▶ _WORK REQUEST_: From the line containing "- Gerotor pump" through the end of the material below, output each line exactly as written, with pictures excluded.

▶ _STORED DATA_:
"""
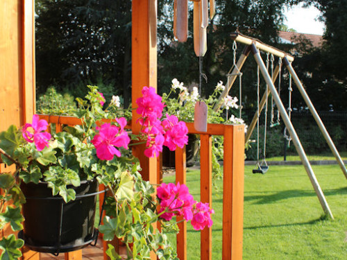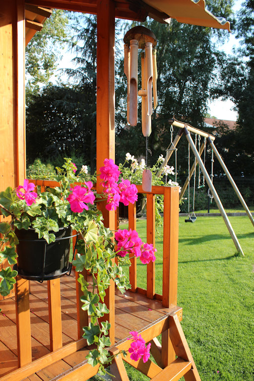 Un espace en gazon avec une aire de jeux est à la disposition des enfants.
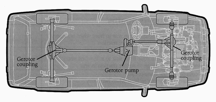- Gerotor pump in the transfer case transfers power immediately to the front axle when wheel slip is detected. provides four-wheel drive power automatically, with no driver input
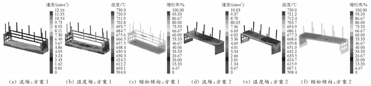 圖3:鑄造工藝設計方案2 此澆注系統采用和方案1類似的形式,其中側冒口直徑Φ40mm,內澆口厚度12mm,長度為190mm,橫澆道、直澆道、內澆道截面積比為1:2.8:4.6。方案2與方案1澆注系統相比,有著相同的澆口比,但是鋁 液進入底板上升高度更高。 3、CAE模擬分析 CAE模擬從充型結束溫度、各部位充型時間來對比方案的溫度場分布是否均勻,鑄件底板部位是否充型迅速,并根據縮松情況判斷鑄件可能出現缺陷的部位,見圖4??梢钥闯?,①充型結束方案1溫度場更均勻;②根據鑄件各部位充滿時間判斷鑄件重要部位底板,方案1充型更平穩;③去除后,鑄件縮松缺陷相當。
"""
▶ _ANSWER SECTION_:
- Gerotor pump in the transfer case transfers power immediately to the front axle when wheel slip is detected. provides four-wheel drive power automatically, with no driver input
 圖3:鑄造工藝設計方案2 此澆注系統采用和方案1類似的形式,其中側冒口直徑Φ40mm,內澆口厚度12mm,長度為190mm,橫澆道、直澆道、內澆道截面積比為1:2.8:4.6。方案2與方案1澆注系統相比,有著相同的澆口比,但是鋁 液進入底板上升高度更高。 3、CAE模擬分析 CAE模擬從充型結束溫度、各部位充型時間來對比方案的溫度場分布是否均勻,鑄件底板部位是否充型迅速,并根據縮松情況判斷鑄件可能出現缺陷的部位,見圖4??梢钥闯?,①充型結束方案1溫度場更均勻;②根據鑄件各部位充滿時間判斷鑄件重要部位底板,方案1充型更平穩;③去除后,鑄件縮松缺陷相當。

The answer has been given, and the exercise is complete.